Confusion about which test to order can also contribute to the low detection rate of primary HIV infection. Sensitivity, specificity, and cost limit the available options. At the initial stages of infection, HIV-1 antibody tests are nonreactive, and the diagnosis of primary HIV infection is made by either the p24 core antigen test or HIV-1 RNA assays (viral load). The p24 core antigen test is more specific and less expensive than the HIV-1 RNA assays, but it is less sensitive in detecting cases. The HIV-1 RNA assays are highly sensitive, but they are more expensive and have decreased specificity, which can result in a higher false-positive rate when used in groups that have a low disease prevalence. Another option is the third-generation HIV-1 antibody test, which is able to detect immunoglobulin (Ig) M as well as IgG antibodies. The Panel on Clinical Practices for Treatment of HIV Infection through the US Department of Health and Human Services (DHHS) recommends testing with the HIV-1 RNA assay when acute infection is suspected and risk factors are present but advises against testing lower risk populations because of concerns about false-positive diagnoses.12 Given the low percentage of primary HIV infection diagnoses, however, it is unlikely that many clinicians follow these guidelines and do any testing.2
Because of the differences in characteristics and costs of the available diagnostic assays, a cost-effectiveness analysis of expanded testing of persons with viral symptoms at varying prevalence rates could be useful for policy development and guiding clinical practice. The objectives of this study were to perform an incremental cost-effectiveness analysis of expanded testing of persons with viral symptoms and at least 1 risk factor using these 3 diagnostic assays for primary HIV infection and to determine the lowest prevalence at which expanded testing is cost-effective.
METHODS
Study Design
The study was an incremental cost-effectiveness analysis of 3 tests for primary HIV infection using a decision analytical model. A strategy of no testing was used for baseline comparison, because little testing for this diagnosis is currently done. The analysis included the following outcome measures of expanded testing for primary HIV infection: (1) increased quality-adjusted life-years (QALYs) in the patient as a result of starting antiretroviral therapy before profound deterioration in immune function occurs; and (2) prevention of HIV infection in the patient’s sexual partners. Several potential outcome measures were not included: (1) benefits of immunizations (hepatitis A and B and Streptococcus pneumoniae), cervical cancer screening, and tuberculosis screening; (2) prevention of HIV infection in needle-sharing contacts of injection drug users; (3) avoidance of costly diagnostic workups and hospitalization for those with more severe primary HIV infection symptoms; and (4) benefits of detecting cases of chronic HIV infection. Starting antiretroviral treatment during the acute phase of HIV was not included because data showing a benefit for structured treatment interruptions in preserving natural immunity were lacking.13 The harms from expanded testing included in the analysis were (1) decreased quality of life caused by the anxiety resulting from a false-positive diagnosis, and (2) decreased quality of life associated with being aware of being HIV infected.

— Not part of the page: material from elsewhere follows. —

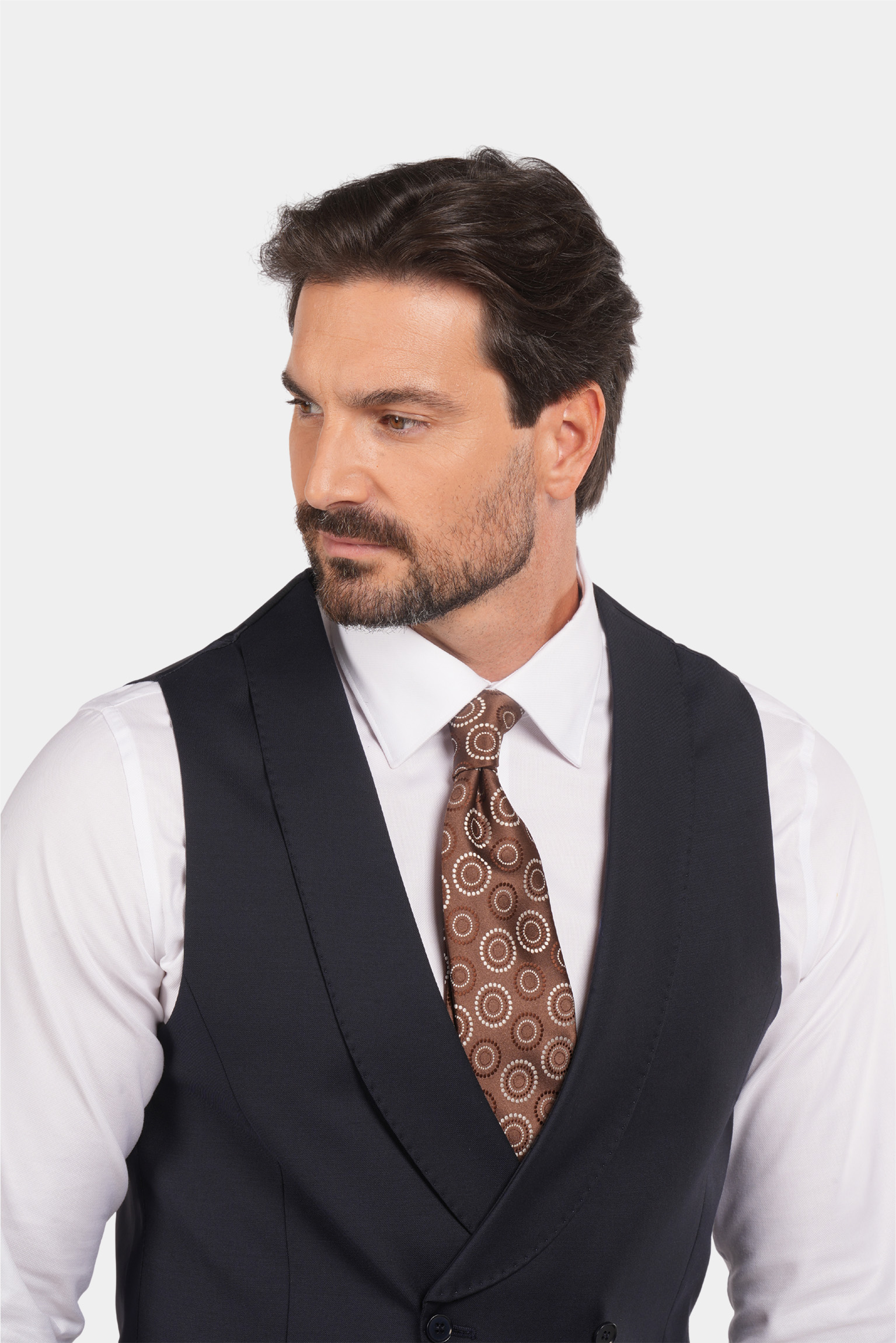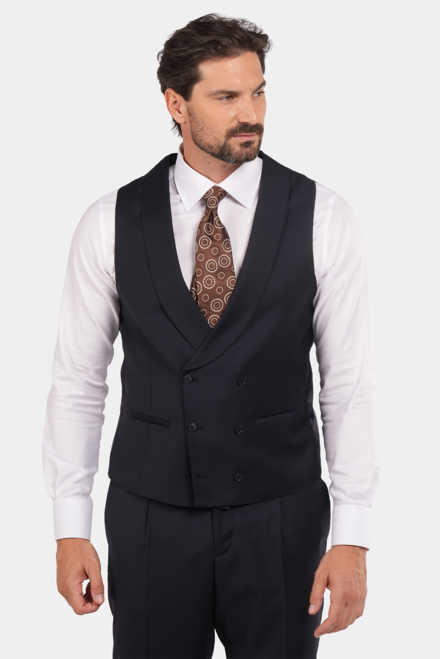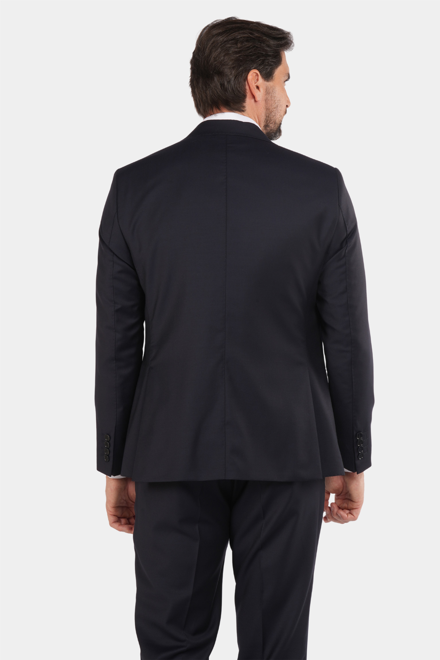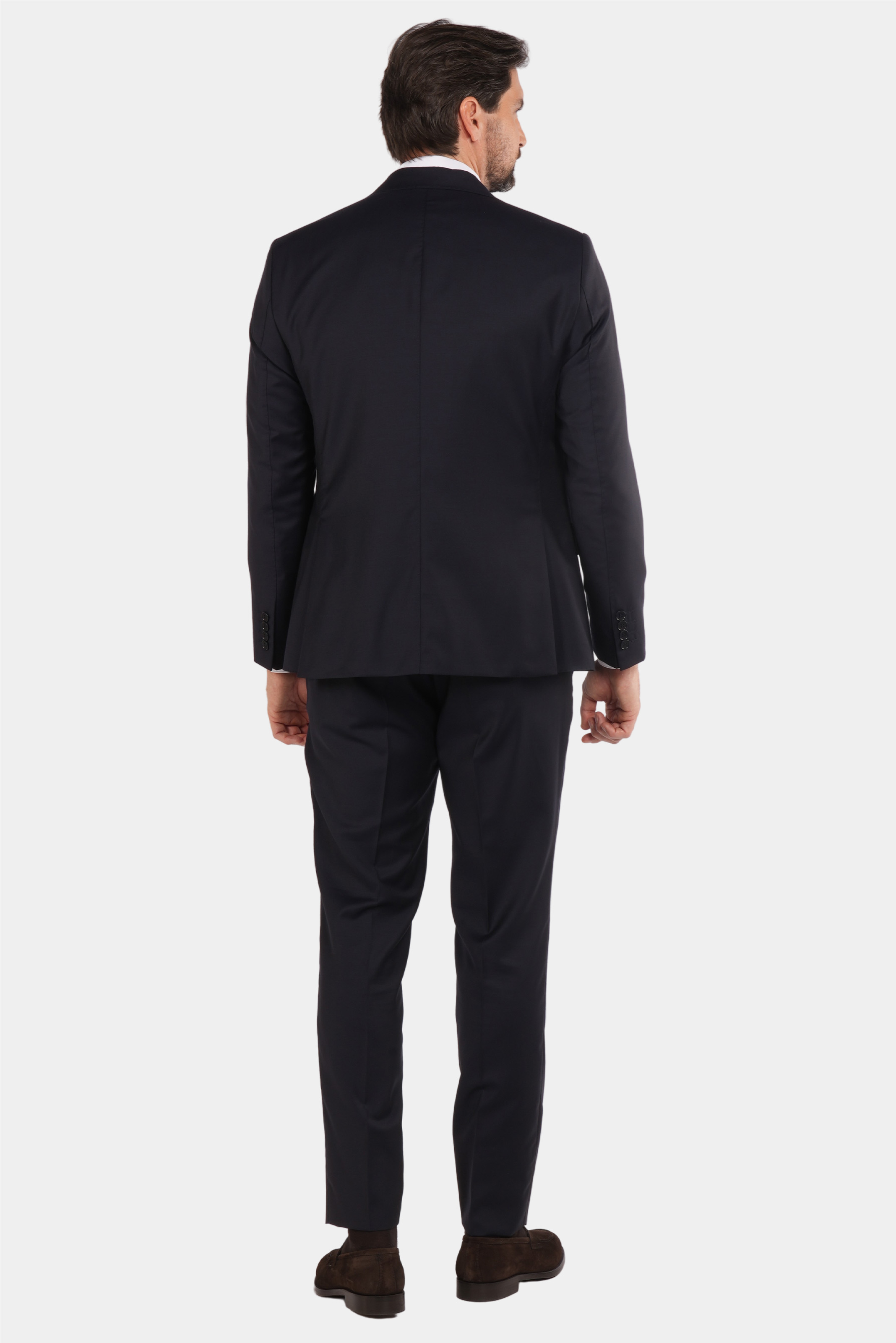 Dieser dunkelblaue Slim-Fit-Dreiteiler verkörpert dezente italienische Eleganz mit einem modernen Touch. Meisterhaft gefertigt aus 100 % Super 120s-Wolle von Vitale Barberis Canonico, überzeugt er durch eine glatte Textur und natürliche Elastizität. Das steigende Spitzrevers verleiht dem Design einen Hauch von Raffinesse, während die Halb-Canvas-Konstruktion für Formbeständigkeit, Struktur und angenehmen Tragekomfort sorgt. Vollständig mit Viskose gefüttert, lässt sich dieser Anzug mühelos von Business-Meetings bis zu formellen Anlässen tragen – zeitlos, elegant und authentisch italienisch.

The time frame for the study was 39.9 years, the average life expectancy of the mean age (39.5 years) of the hypothetical cohort being tested.14,15 The analysis adopted a societal perspective, including all costs and health effects, except for work loss and transportation, which were considered negligible compared with laboratory testing, visit costs, and lifetime medical costs for treatment of HIV disease. The analysis also provided information from the perspective of a third party payer by determining the cost per case of primary HIV infection diagnosed. We conducted sensitivity analyses to determine the stability of the results using reasonable variations in the data and assumptions.
Target Population
A national estimate of the prevalence of primary HIV infection in symptomatic ambulatory patients regardless of risk factors is published in this issue of Annals.16 The estimated primary HIV infection prevalence for patients with a fever was 0.66% (95% confidence interval [CI], 0.53%–0.92%), for those with a rash it was 0.56% (95% CI, 0.35%–0.94%), and for those with a sore throat it was 0.13% (95% CI, 0.10%–0.19%). The highest of these rates (0.66%) was used as the baseline for the analysis. To make population projections about the number of cases diagnosed, number of infections avoided, and program costs, we assumed that 20,000, or 50% of the 40,00018,19 newly infected patients annually, developed symptoms and sought care. At the baseline prevalence of 0.66%, 3,030,303 patients would need to be tested in the model.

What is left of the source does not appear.